Through weak policies, moral equivocation, and a misguided embrace of ‘multiculturalism’, we’ve welcomed them through every door and window. As Pericles exclaimed in the History of the Peloponnesian War, ‘I am more afraid of our own blunders than of the enemy’s devices.’ It is said that an intelligent enemy is better than a foolish friend.

The Islamist global insurgency isn’t always crude suicide bombers or lone wolf knife attackers; it’s also a sophisticated, patient network. As Abu Musab al-Suri, al-Qaeda’s shadowy strategist arrested in 2005, envisioned, jihad morphed from hierarchical terror cells into a decentralised, ideological virus. It infects minds, exploits grievances, and turns Western freedoms against us. Trinquier would recognise this as ‘subversive warfare’, where the enemy organises parallel structures within society – mosques, schools, community groups, even university encampments – to erode loyalty to the state. Which is interesting because politicians on all sides have got it into their minds that eventually they will love us; that their good deeds will be rewarded. That they will prove the silent majority wrong. Callwell noted that in small wars, the foe’s sanctuary is often not a mountain cave but the hearts of the locals. In Australia, we’ve provided this sanctuary, turning our sunburnt country into a breeding ground for Western-hating, violent Islamist radicalism.

Immigration policy is the torpedo below the waterline. A 2015 Pew study predicted Australia’s Muslim population would grow faster than non-Muslims and quadruple by 2035. Now, groups like The Muslim Vote boast of swinging elections in key seats, while demanding and achieving policy shifts on Gaza and Israel. This isn’t integration; it’s infiltration.  Adversaries like Iran and Islamist networks use migration as a weapon, flooding the West with fighting-aged males. Check out the boat, after boat, after boat of fighting-aged males storming British beaches. If only Napoleon knew how easy England was to invade.
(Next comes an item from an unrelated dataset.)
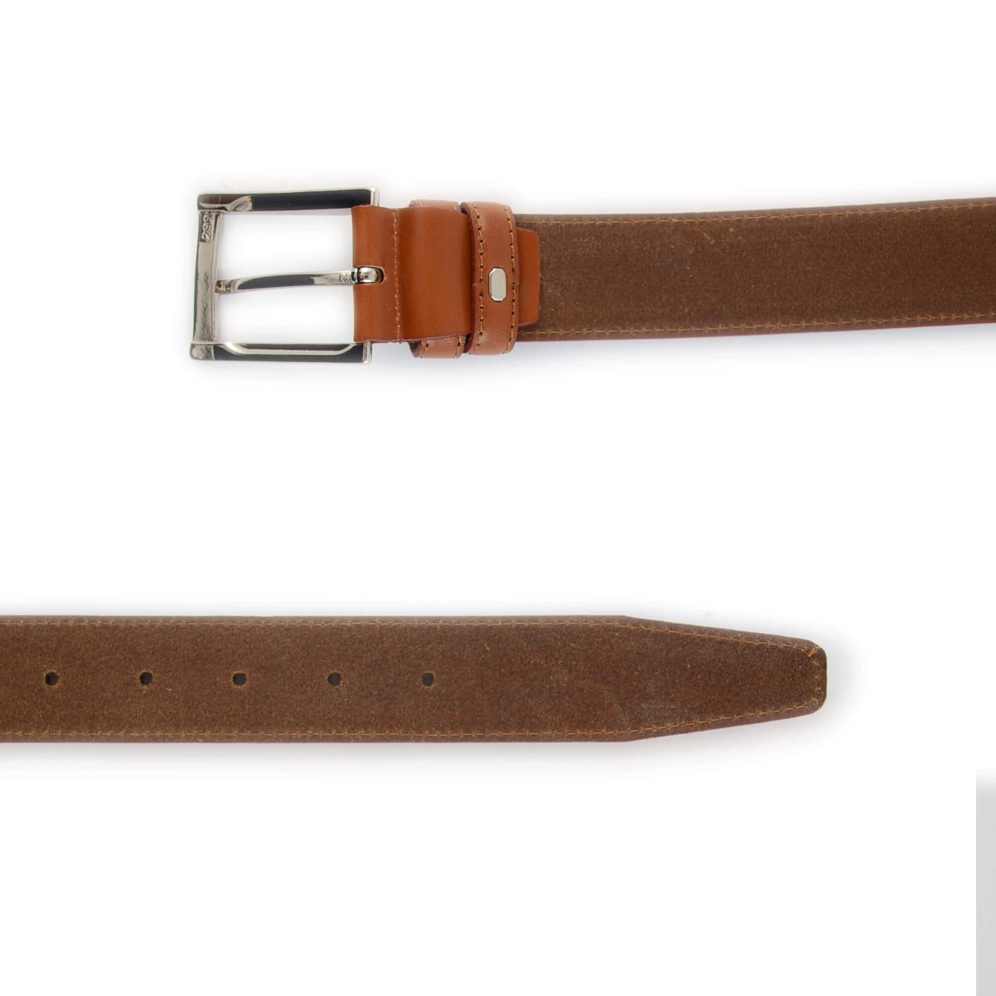 Our belts are measured from where the buckle is attached to the belt all the way to the middle hole.
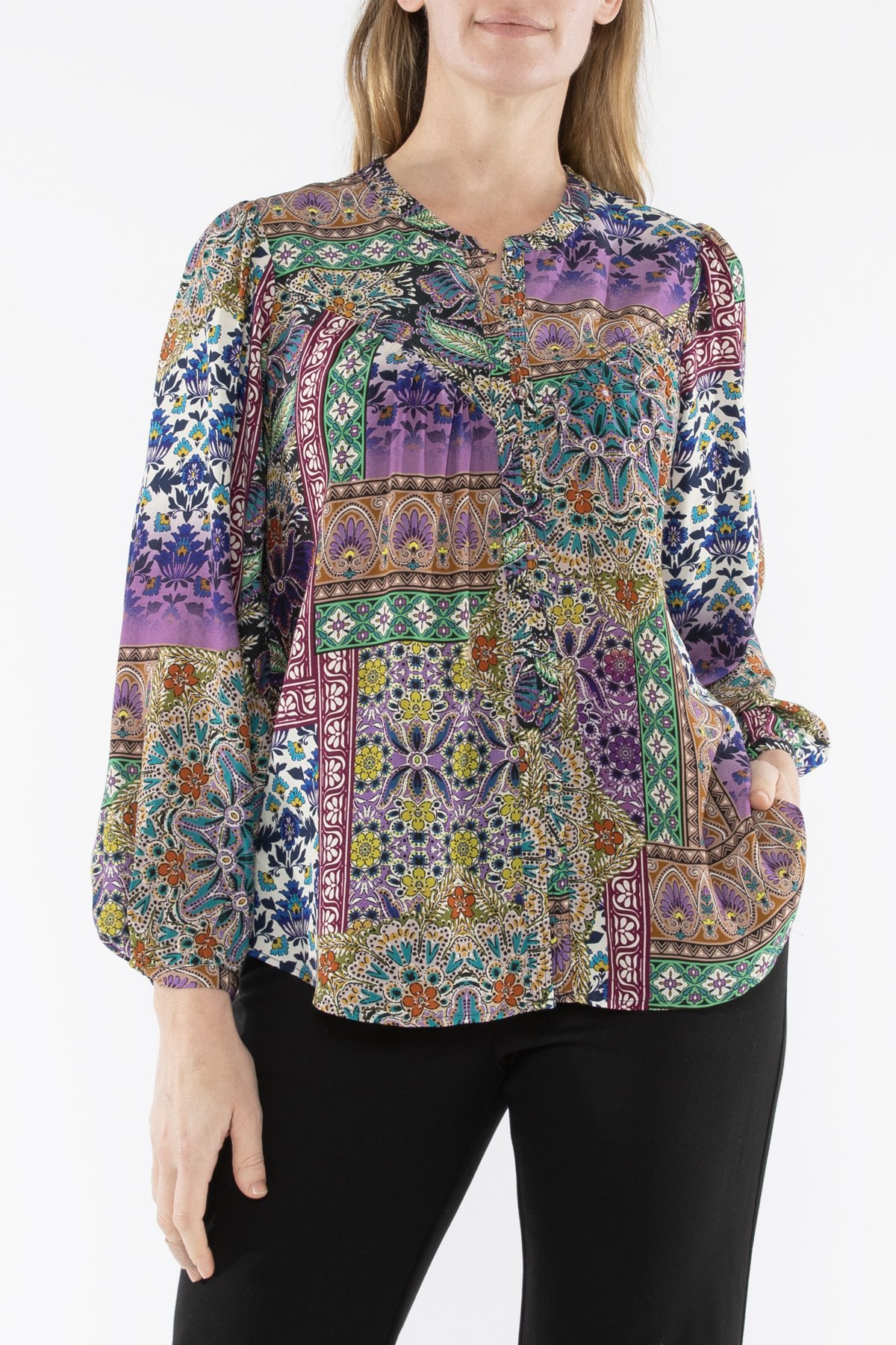 PATCHWORK FLORAL TOP.

Callwell described how tribes used porous frontiers to raid and retreat. Today, it’s visa loopholes and refugee claims and Isis wives’ sob stories. We’ve imported grievances: anti-Semitism, honour killings, child marriages and sharia advocacy. If you want to know where this is going, just check out Britain, where instead of countering this insurgency, British government policy is to criminalise those who point it out.

Parallel societies are now forming in the West. In Lakemba or Broadmeadows, and up and down UK boroughs, radical preachers thrive, unchallenged by a political class fearing ‘Islamophobia’ labels, and now we have new ‘hate speech’ laws. Result? A fifth column, as Trinquier feared, where loyalties may lie abroad or with a revolutionary religious, militant ideology that has no place in Australia.

The global Islamist insurgency never ended with the fall of Isis. Instead, it pivoted to subversion and building a sanctuary to the point where jihad is now mainstreamed into our society. The Islamist global insurgency does not need a caliphate in Iraq or Syria or Afghanistan when its members are being allowed to build one in our own backyard.

Our security and stability will now be more and more dependent on demographic shifts, ideological infiltration and policy cowardice.

The global Islamist insurgency is not a movement of peace. It’s time to work this out, before the next frenzy on the anthill.